*** Dataset extract ***

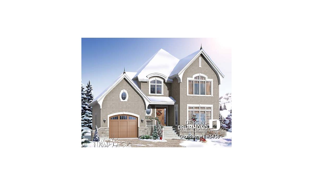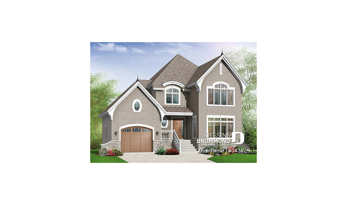 Des jeux de volumes et de toitures particulièrement réussis, un bien bel agencement de matériaux avec la rencontre de la brique-pierre et de l’imitation bardeau de cèdre et une bonne répartition des ouvertures confèrent à ce modèle une élégance sans équivoque. Entrons donc pour constater maintenant la luminosité et les particularités que l’on titre ici.
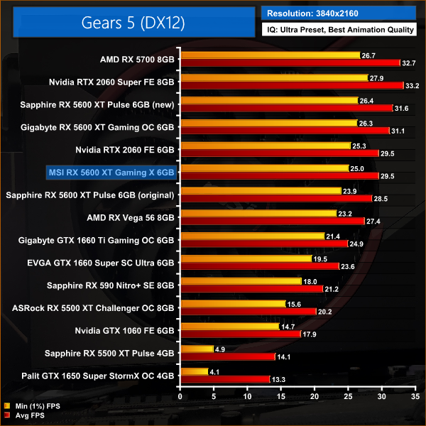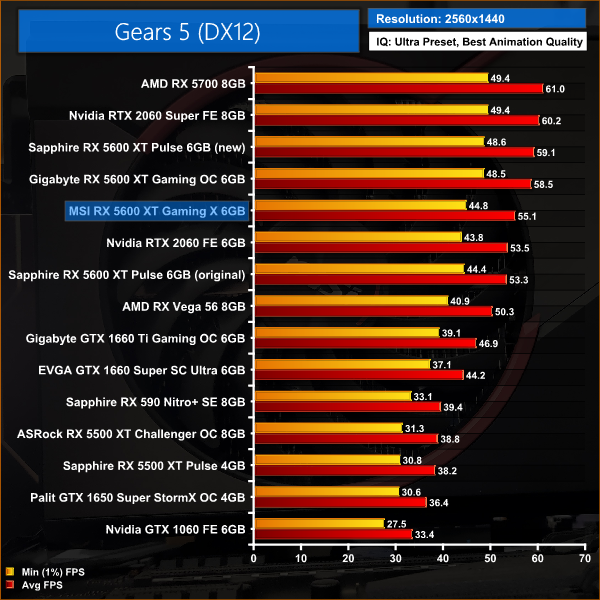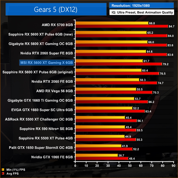 Gears 5 sees the Gaming X fall further behind the other 5600 XTs which are running 14Gbps memory – at 1080p, for instance, it is 6% slower than the Pulse using its updated BIOS. Compared to the Pulse running 12Gbps memory, the MSI card is 4% faster.
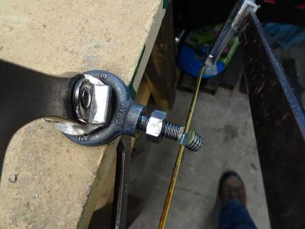 4. Mida la mitad de la longitud de las tuercas de acoplamiento y corte de que pernos de ojo forjado y extremos de barra de lazo abajo con un hack vieron que solo llenan la mitad de la tuerca de acoplamiento. Utilice un archivo para fijar roscas. Deje las tuercas y los extremos montados para que la mitad de la tuerca con el agujero de 5/64" está vacía. (nota que las tuercas marcadas con asterisco sólo caben los extremos de la varilla) (Foto 4)
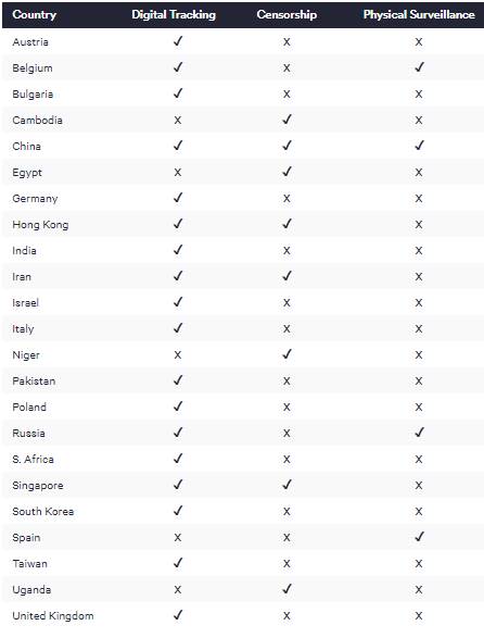 Od izbruha koronavirusa je veliko vlad po celotnem svetu sprejelo tudi ukrepe, ki se nananašajo na telefonsko sledenje, fizični nadzor in celo cenzuro. 20 držav svoje državljane nadzira preko telefonskega sledenja, od tega jih je 8 v Evropi (nadzor je v večini njih anonimiziran). Cenzure se ne poslužuje nobena evropska država (na svetu 6), 3 evropske države (na svetu 7) pa se poslužujejo fizičnega nadzora ( video nadzor s kamerami in droni, naprave, ki zaznavajo toploto telesa in podobno).
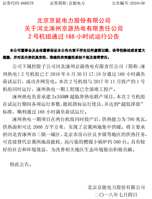 京能電力發(fā)布公告,下屬控股子公司涿州熱電2號機(jī)組已于6月30日17:18分通過168小時滿負(fù)荷試運(yùn)行,成功并網(wǎng)發(fā)電。本次2號機(jī)組與2017年11月投產(chǎn)的1號機(jī)組同時運(yùn)行,涿州熱電一期工程現(xiàn)已全部竣工投產(chǎn)。公告原文:

*** End of Dataset extract ***

§ **The task**
Without the pictures, reproduce every line of the records above exactly.

§ **Written answer**
 Des jeux de volumes et de toitures particulièrement réussis, un bien bel agencement de matériaux avec la rencontre de la brique-pierre et de l’imitation bardeau de cèdre et une bonne répartition des ouvertures confèrent à ce modèle une élégance sans équivoque. Entrons donc pour constater maintenant la luminosité et les particularités que l’on titre ici.
 Gears 5 sees the Gaming X fall further behind the other 5600 XTs which are running 14Gbps memory – at 1080p, for instance, it is 6% slower than the Pulse using its updated BIOS. Compared to the Pulse running 12Gbps memory, the MSI card is 4% faster.
 4. Mida la mitad de la longitud de las tuercas de acoplamiento y corte de que pernos de ojo forjado y extremos de barra de lazo abajo con un hack vieron que solo llenan la mitad de la tuerca de acoplamiento. Utilice un archivo para fijar roscas. Deje las tuercas y los extremos montados para que la mitad de la tuerca con el agujero de 5/64" está vacía. (nota que las tuercas marcadas con asterisco sólo caben los extremos de la varilla) (Foto 4)
 Od izbruha koronavirusa je veliko vlad po celotnem svetu sprejelo tudi ukrepe, ki se nananašajo na telefonsko sledenje, fizični nadzor in celo cenzuro. 20 držav svoje državljane nadzira preko telefonskega sledenja, od tega jih je 8 v Evropi (nadzor je v večini njih anonimiziran). Cenzure se ne poslužuje nobena evropska država (na svetu 6), 3 evropske države (na svetu 7) pa se poslužujejo fizičnega nadzora ( video nadzor s kamerami in droni, naprave, ki zaznavajo toploto telesa in podobno).
 京能電力發(fā)布公告,下屬控股子公司涿州熱電2號機(jī)組已于6月30日17:18分通過168小時滿負(fù)荷試運(yùn)行,成功并網(wǎng)發(fā)電。本次2號機(jī)組與2017年11月投產(chǎn)的1號機(jī)組同時運(yùn)行,涿州熱電一期工程現(xiàn)已全部竣工投產(chǎn)。公告原文:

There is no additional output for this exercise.